Information provided
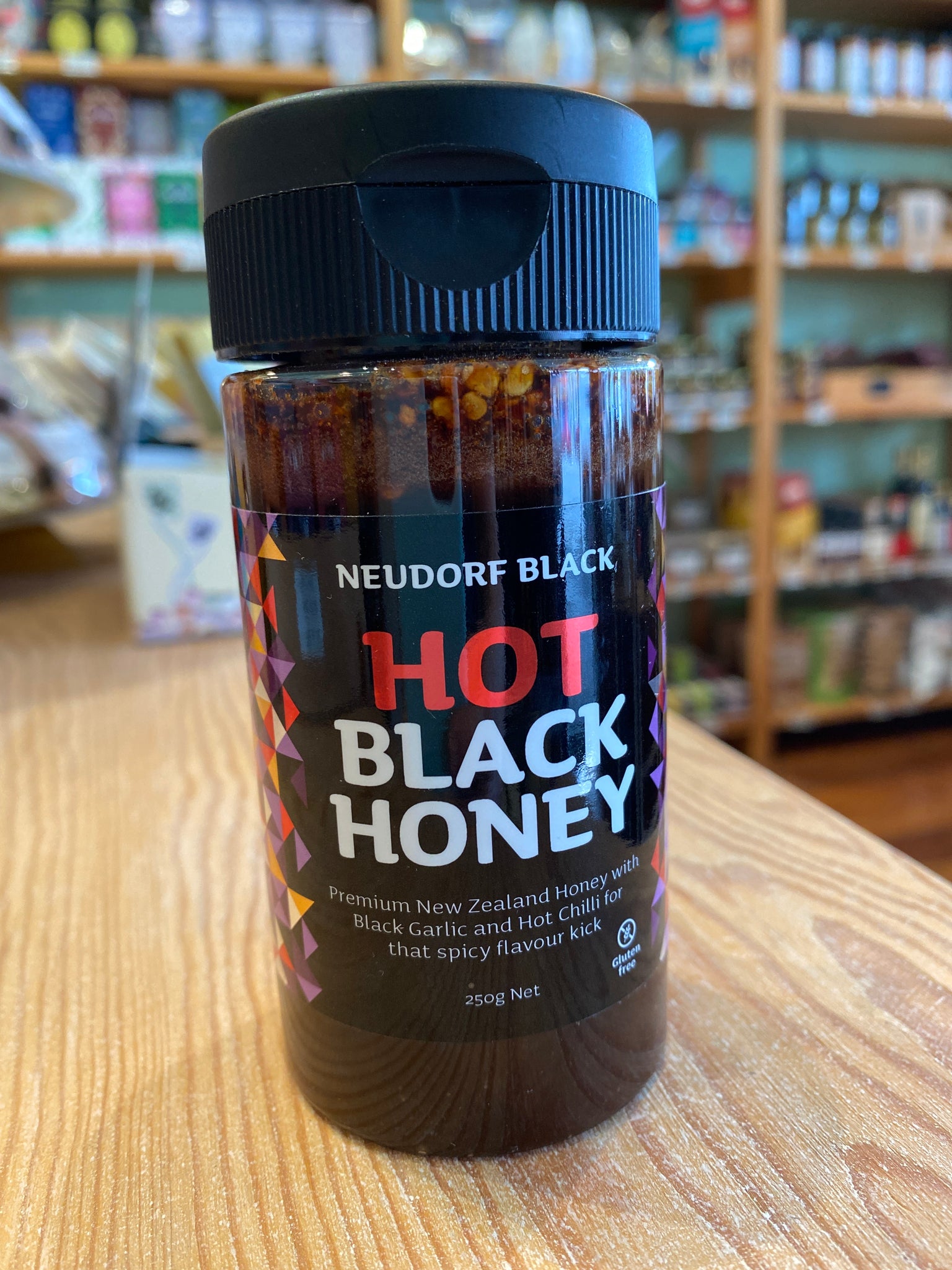 Black Honey premium New Zealand Honey blended with sweet black garlic. Gold medal winner at the NZ Outstanding Food Producer Awards. Try blending with hot water or milk for a delicious drink. Hot Black Honey has cayenne pepper and chilli for that spicy flavour kick. Gluten free and dairy free. 250g in plastic bottle.
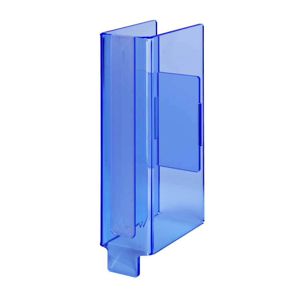 Hyllmarkeringar i glass look eller med fluorescerande effekt. Hög detaljfinish.
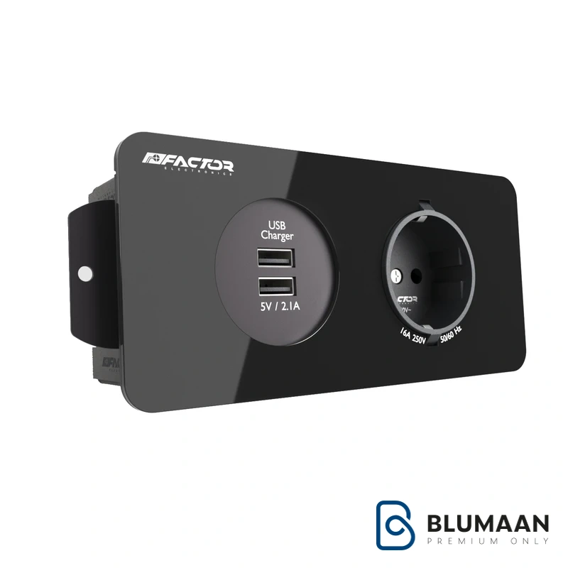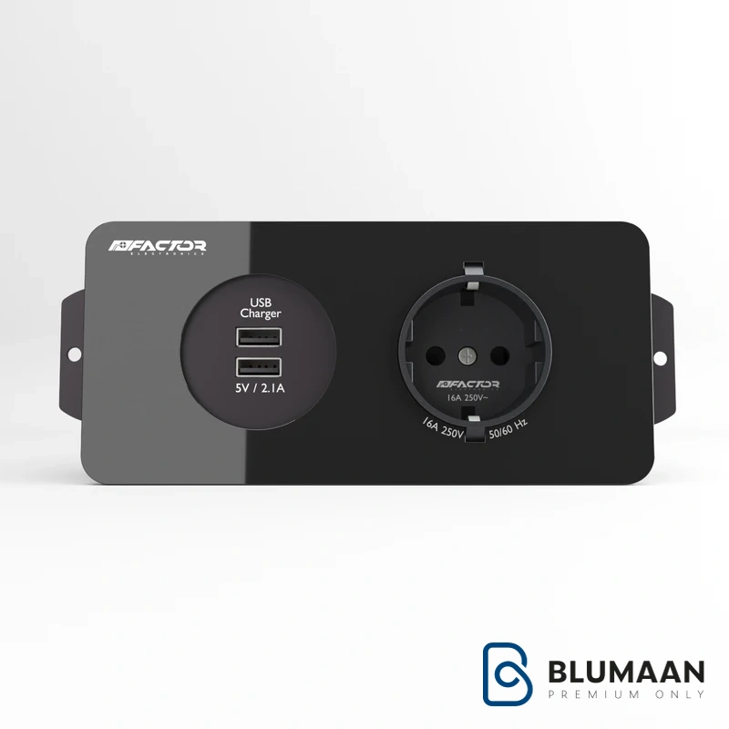 پریز برق توکار FPO2.v2 فکتور، راهحلی شیک و کاربردی برای دسترسی به برق و شارژ. دارای 1 سوکت و 2 پورت USB.

Task prompt
All of the data is to be transcribed exactly, with images omitted.

Task result
 Black Honey premium New Zealand Honey blended with sweet black garlic. Gold medal winner at the NZ Outstanding Food Producer Awards. Try blending with hot water or milk for a delicious drink. Hot Black Honey has cayenne pepper and chilli for that spicy flavour kick. Gluten free and dairy free. 250g in plastic bottle.
 Hyllmarkeringar i glass look eller med fluorescerande effekt. Hög detaljfinish.
 پریز برق توکار FPO2.v2 فکتور، راهحلی شیک و کاربردی برای دسترسی به برق و شارژ. دارای 1 سوکت و 2 پورت USB.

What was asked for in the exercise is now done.